If you're lucky he made a website showing how he did it. Building electronic clocks is a popular project.
 

What you need are simple serial-in, parallel-out shift registers. You would need a type with some sort of (p)reset option, otherwise it would be impossible to turn all LEDs off at start of next minute.

Each second you clock a "1" into it, and the previous 1's move along 1 place. Then you use the 59th "1" as reset signal (preferably synchronous, so that next 1-second clock tick does the actual work of resetting all the bits). You can just connect last bit of a register to data input of the next register (until there's enough for the 59 second LEDs).

Result would be something known as ring counter or Johnson counter. Bit sequences would be like: (last one to become 1 would serve as synchronous reset)

(sec1)....(sec59)
000000........0000000
100000........0000000
110000........0000000
111000........0000000
111100........0000000
111110........0000000
111111........0000000
111111........1000000
111111........1100000
111111........1110000
111111........1111000
111111........1111100
111111........1111110
111111........1111111
000000........0000000

See the pattern? A simple shift register, no counter+decode nonsense.

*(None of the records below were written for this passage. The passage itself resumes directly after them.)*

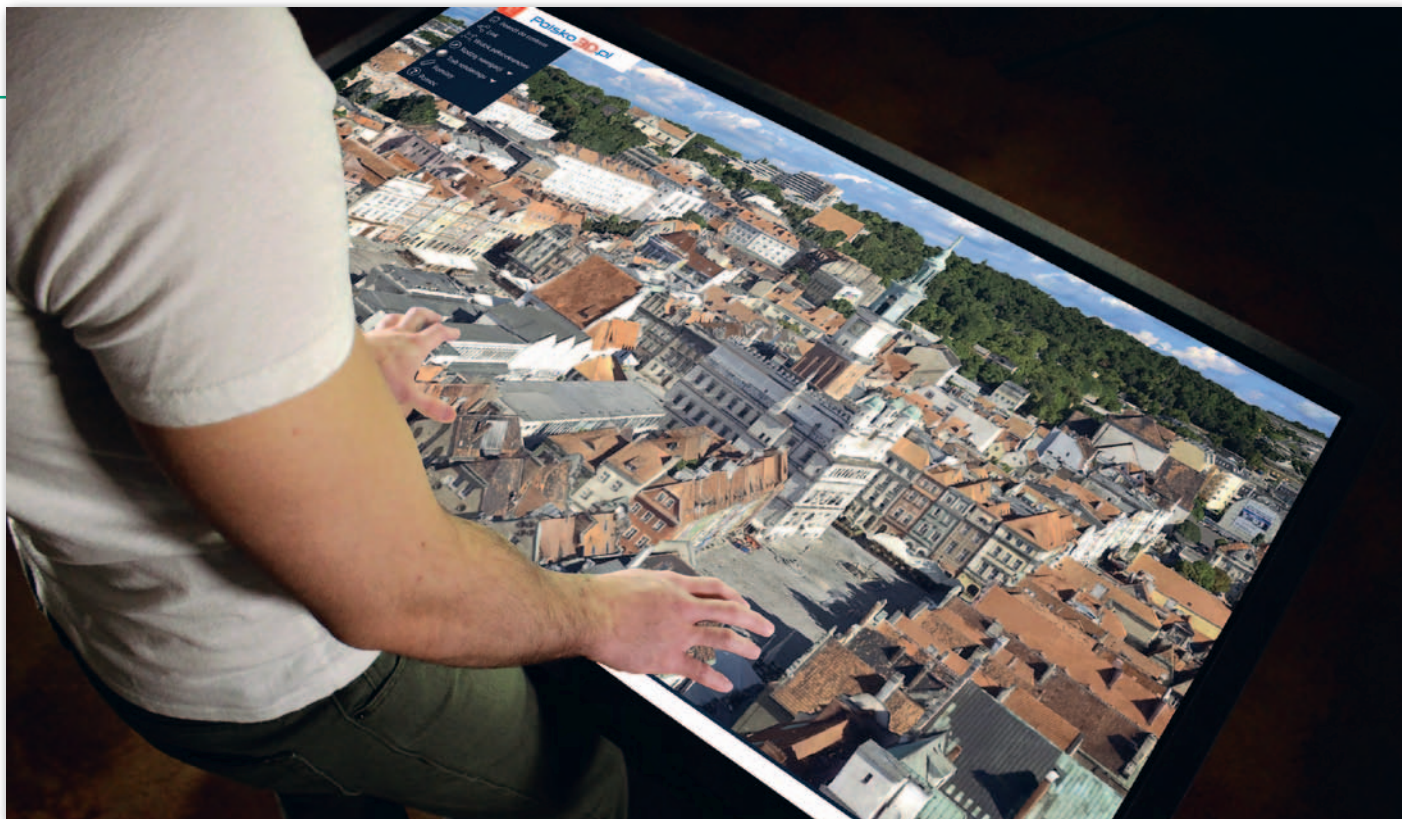
Stół dotykowy z aplikacją Polska3D.pl

wy produkt prezentuje nieaktualne dane. Opisywane w mediach przypadki błędów na mapach powodziowych wynikały m.in. z wykorzystania nieaktualnych danych wysokościowych. Równolegle rośnie świadomość użytkowników takich map zarówno wśród przedsiębiorców, jak i mieszkańców. Niemal każdy użytkownik internetu potrafi sprawdzić informację na wielu mapach jednocześnie. Wieloźródłowość danych przestrzennych daje ogromne możliwości i żadna mapa nie jest traktowana jako jedyny punkt widzenia.
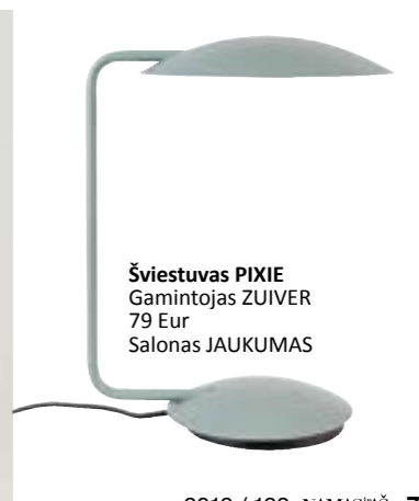
Šviestuvus PIXIE Gamintojas ZUIVER 79 Eur Salonas JAUKUMAS
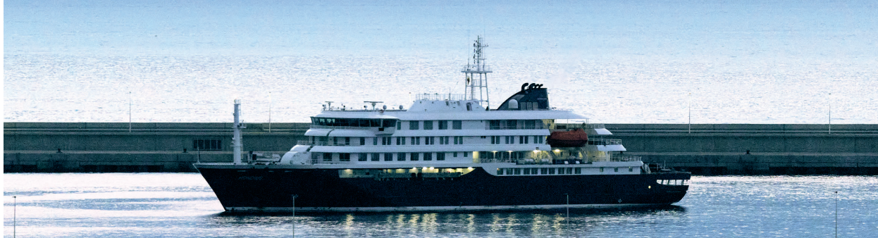
这是5月10日在西班牙特内里费岛格拉纳利亚港拍摄的“洪迪厄斯”号邮轮。

当地时间5月10日凌晨,记者在现场看到,涉汉坦病毒疫情邮轮“洪迪厄斯”号已在西班牙特内里费岛格拉纳利亚港水域抛锚停泊。
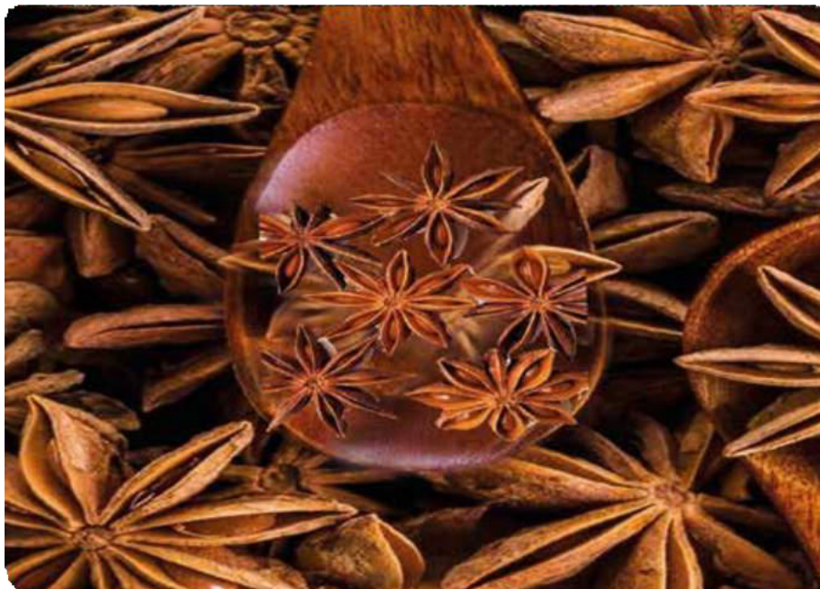
Figura 42. Forma estrellada de este tipo de anís
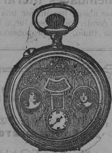
El maravilloso reloj automático.

La última novedad; sin manilla ninguna, marca las horas y minutos con claridad; máquina fuerte de áncora, precisión. Tiene dos aplicaciones fotográficas que se cierran con cerquillo-medallón que se puede abrir y poner la fotografía que se quiera como recuerdo. Caja de acero azulado, semiplano; todas estas combinaciones forman un conjunto artístico tal, que no hay reloj más bonito que éste que presenta el conocido industrial L. THIERRY. Aparte de su belleza artística, es de máquina de precisión y seguridad. Su precio es de 35 pesetas en seis plazos mensuales. Va por correo certificado, con aumento de 1,50 pesetas por franqueo.
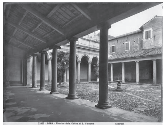
図18 サン・クレメンテ教会（「前田青邨渡欧中購 入資料」のうち）
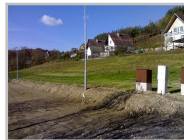
Foto : výstavba

Předpokládané zdroje financování : Strukturální fondy EU,POV, vlastní
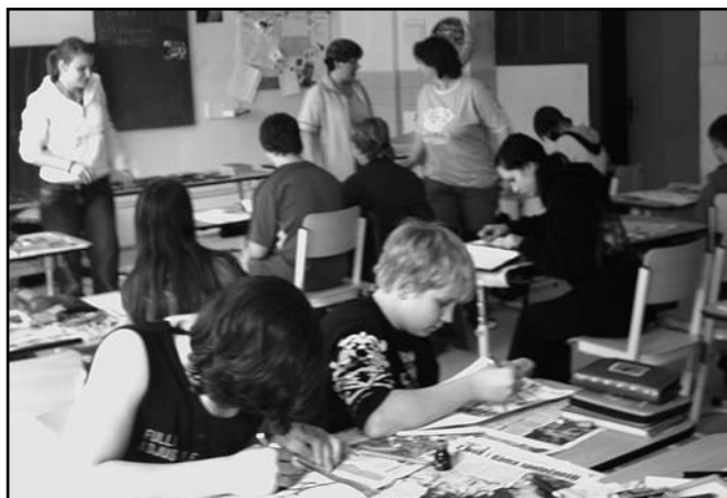
▲ Žáci při skupinové práci

Ve všech vyučovacích předmětech byla výuka zaměřena na učivo, které se nějakým způsobem dotýká tématu Evropa. V českém jazyce žáci zkoumali odlišnosti i shody českého a slovenského jazyka a sami zkusili, jak jsou schopni tomuto jazyku porozumět a také ho používat. V matematice se naučili tvořit různé druhy grafů a zpracovávat data prostřednictvím údajů o různých geografických a ekonomických ukazatelích, jako je například počet obyvatel a rozloha evropských států. V zeměpise se podrobněji seznámili s některými evropskými národy – s Laponci, Italy, Romy. Také výtvarná výchova vedla žáky k uvědomění si rozdílů mezi evropskými kulturami a národy a zároveň si žáci mohli vyzkoušet různé výtvarné techniky. Přírodopis je zase seznámil s národními parky,
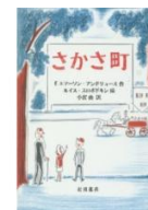
・さかさ町 (F・エマーソン・ アンドリュース 作)
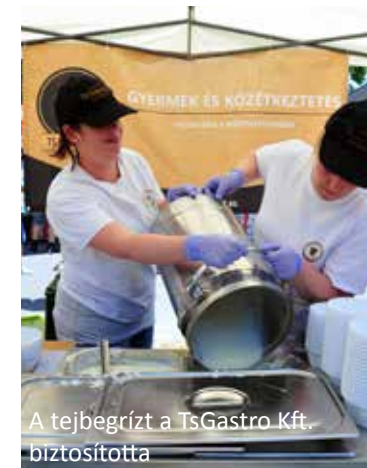
A tejbegrízt a TsGastro Kft. biztosította

Az idei évben egy rendhagyó gyermeknapot szerveztünk Ócsán, hiszen megrendezésre került az első Tejbegríz Fesztivál, mely nagy várakozással töltött el bennünket, dolgozókat, de úgy gondolom, hogy a gyerekeket és a felnőtteket is egyaránt.
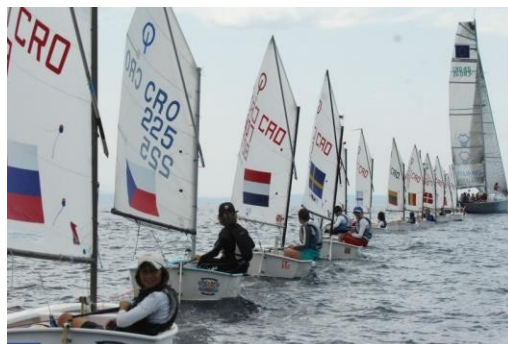
Slika 5. Jedrenje u Opatiji, Aničić, M. (2013)

kojima se natječu seniorske posade, CUP Opatija, državno prvenstvo za olimpijske klase te IOM Opatija Cup, regata jedriličarskih maketa.
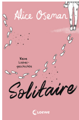
Solitaire (deutsche Ausgabe)
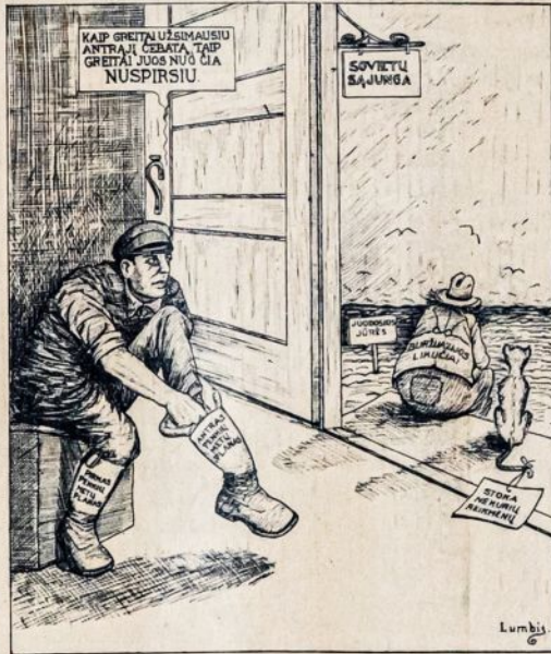
Sovietų Sąjunga jau baigė Pirmą Penkių Metų Planą. Dabar pradėjo antrą. Užbaigus jį, bus pilnai apsirūpinus ir išnaikins kapitalizmo likučius.

Peiping. — Bernard Shaw sako, kad Chinijos liaudies išsigelbėjimas tai komunizme.
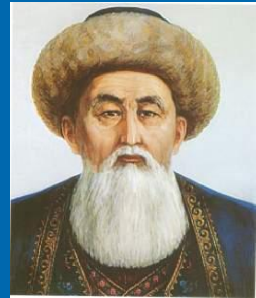
Кіші жүздің төбе биі
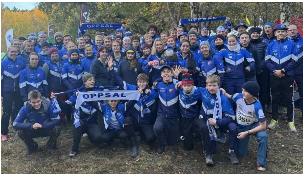
25-mannatropen som dro til Stockholm i oktober - årets beste klubbturn?

Klubben arbeider etter norsk idretts felles visjon om idretts glede for alle. For barn og unge har økonomi som barriere vært et viktig fokusområde i norsk idrett. Klubben ønsker å holde treningsavgifter og egenandeler på et lavt nivå, og at utstyr skal være tilgjengelig for en rimelig penge. Klubbens ryggrad, barne- og ungdomsarbeid krever mye, og det er viktig at vi bruker nok ressurser for at dette arbeidet skal fungere godt videre.
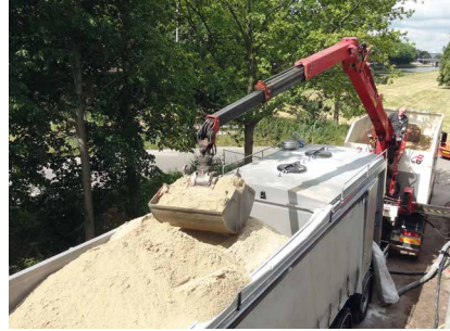
Durch das horizontale Produktionssystem kann die Anlage während des Herstellungsprozesses mit Sand und Bindemittel nachgeladen werden.
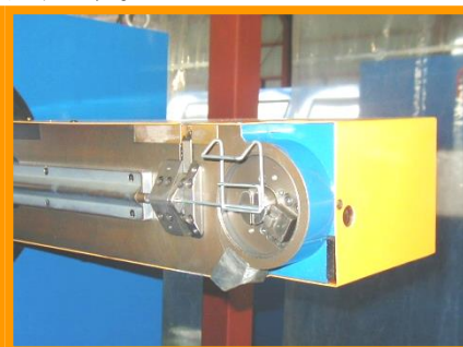
NCフォーミング曲げ加工
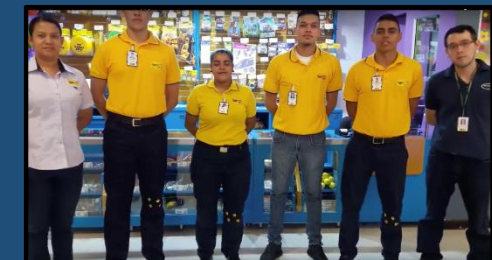
Cultura Happy – HC Aventura
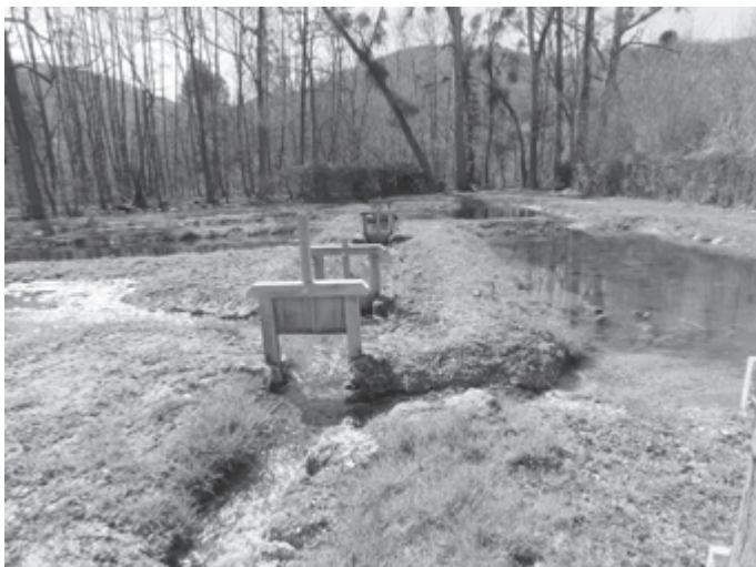
Renaturierung der Bernau-Teiche.

Kommende und bereits existierende Herausforderungen machen auch vor Pfullingen nicht halt. Klimawandel und der Verlust von Biodiversität erfordern Lösungen und Handlungen vor Ort. Und es braucht ein Zusammenwirken Aller zum Wohle der Natur und der Bürger:innen.
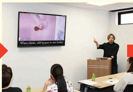
伝統技法では、金粉を補修・結合部に、ふりかけるとのことですが、熟練した技術が必要となるため、一般の方々用に準備した本日使う金粉入り液体の説明。
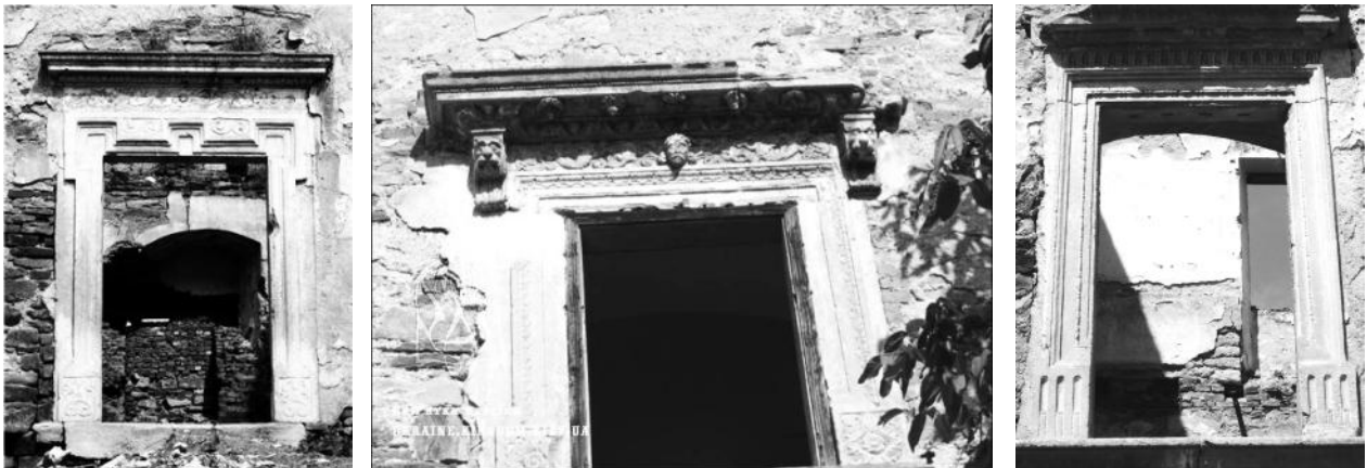
Рис. 7. Наличники вікон і дверей в замку, 2013 рік
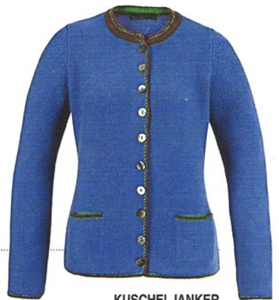
KUSCHELJANKER aus feinstem Kaschmir mit Häkelborte von pierre- clair, ca. 500 €
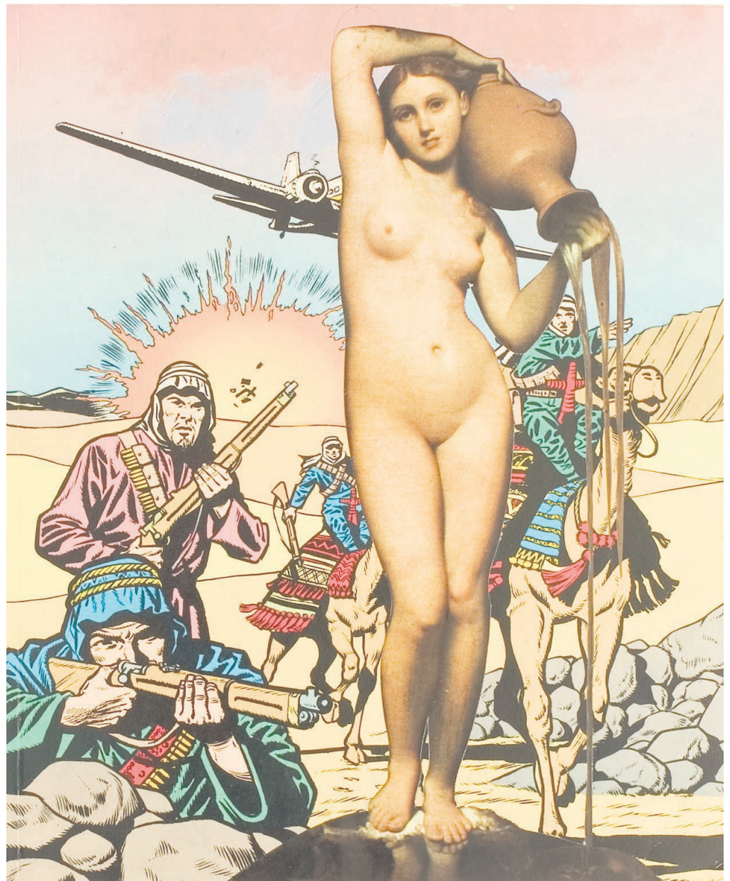
Klippimyndir Ein af klippimyndum Errós sem sýnd verður í Listasafni Reykjavíkur.

Klippimyndir Erró voru yfirlétt skapadár í

BTW: I suggest you pay good attention to power supply in your clock (read: use enough decoupling capacitors, & in strategic places)... switching many LEDs @ once causes significant fluctuations in power consumption. If power supply isn't properly done, that might cause local GND/Vcc 'spikes' which could confuse logic IC's.
 

The shift register method looks suitable to operate 60 led's.

8-bit versions are 4021 or 74LS164. The clock will need 8 IC's just to show seconds.

However I see there are 16-bit and higher versions.
 

anyone know how to connect the circuit to light up 20 LEDs using 7490 counter and 7442 decimal decoder and simulate using proteus?
One you understood how digital logic works, and how a single LED can be driven by a TTL output, you can answers these questions yourself. Proteus is a nice tool in this regard, but a TTL data book and pencil and paper should be sufficient. Just think logically.